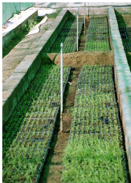
On-farm activities to introduce new grass forages with high water-use efficiency in UAE
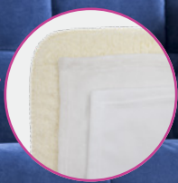
Sherpa, Velveteen and Fleece feature different fabric textures.
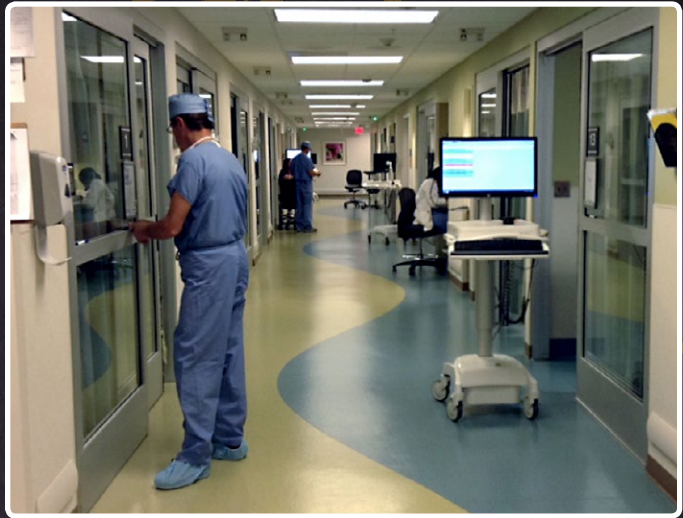
This is the hallway leading to the pre-op rooms.

A nurse will wheel your bed to the operating room from here.
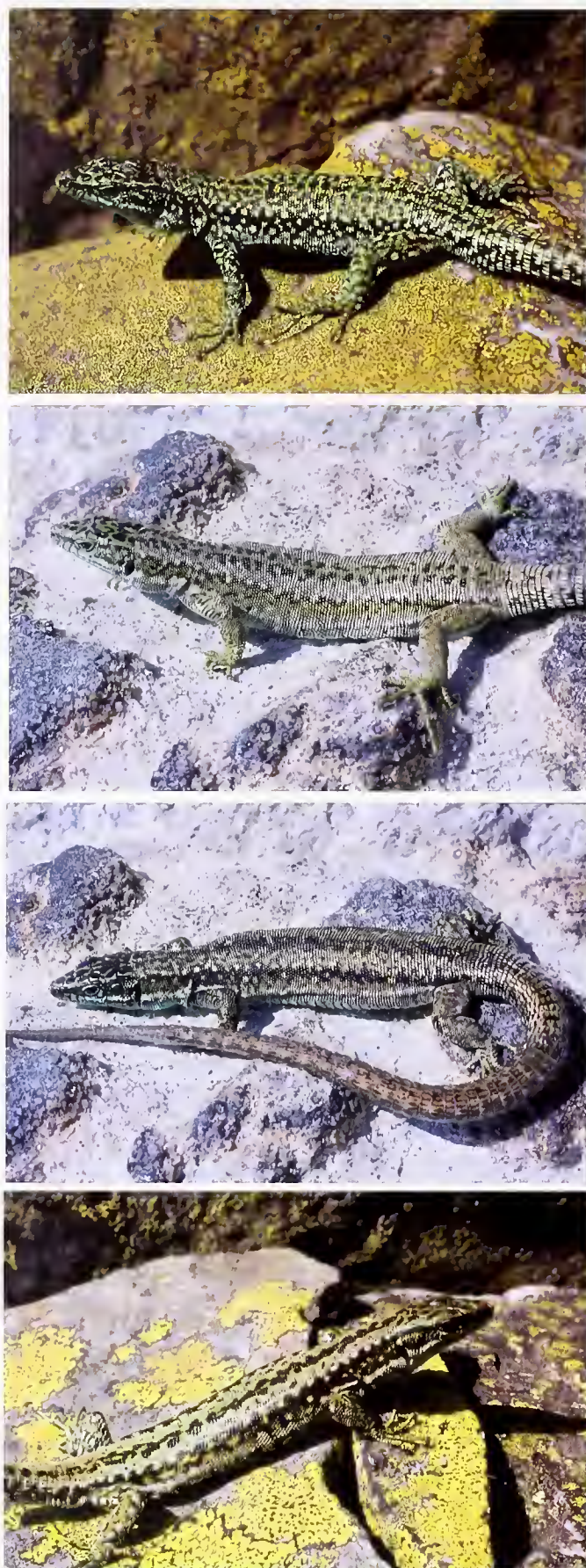
Fig. 3. Iberolacerta cyreni castiliana . a) La Covatilla Sky resort (Sierra de Béjar), July 2007, Male ; b) El Travieso (S a de Béjar), July 2004, Female ; c) El Calvitero (Sierra de Béjar), July 2004, Female (atypical pattern, with diffumination and coalescence in a unique vertebral line); d) Puerto de Mijares (Gredos Oriental Massif), July 2006, Female.

The Analysis of Variance (ANOVA) (Appendix III, Table 1) indicate that Guadarrama differs from all or nearly all the other populations in VENT and CIRCA (with the smaller and greater values for these parameters, respectively, in the former population), but also appeared differences between Guadarrama and Béjar in Dors (smaller in the former), and with Gredos in PV (greater in the former). An interesting and significant difference appears in DORS among Gredos and Béjar samples (clearly greater in the later).
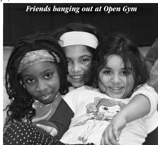
Friends hanging out at Open Gym

Our After School Open Gym Program continues to provide social, recreational, and educational activities based on positive youth development for youth at nine sites per week. We have implemented Restorative Practices into two of our sites by adding Restorative Circles. Restorative Circles offers participants the opportunity to have a voice and be heard. Restorative Circles encourages and supports a positive atmosphere where differences
****
• **Goal of the exercise**
Every line from the top of the entries through the line that holds "Friends hanging out at Open Gym" is to be quoted exactly, please, and nothing else; omit the pictures.

• **Task result**
On-farm activities to introduce new grass forages with high water-use efficiency in UAE
Sherpa, Velveteen and Fleece feature different fabric textures.
This is the hallway leading to the pre-op rooms.

A nurse will wheel your bed to the operating room from here.
Fig. 3. Iberolacerta cyreni castiliana . a) La Covatilla Sky resort (Sierra de Béjar), July 2007, Male ; b) El Travieso (S a de Béjar), July 2004, Female ; c) El Calvitero (Sierra de Béjar), July 2004, Female (atypical pattern, with diffumination and coalescence in a unique vertebral line); d) Puerto de Mijares (Gredos Oriental Massif), July 2006, Female.

The Analysis of Variance (ANOVA) (Appendix III, Table 1) indicate that Guadarrama differs from all or nearly all the other populations in VENT and CIRCA (with the smaller and greater values for these parameters, respectively, in the former population), but also appeared differences between Guadarrama and Béjar in Dors (smaller in the former), and with Gredos in PV (greater in the former). An interesting and significant difference appears in DORS among Gredos and Béjar samples (clearly greater in the later).
Friends hanging out at Open Gym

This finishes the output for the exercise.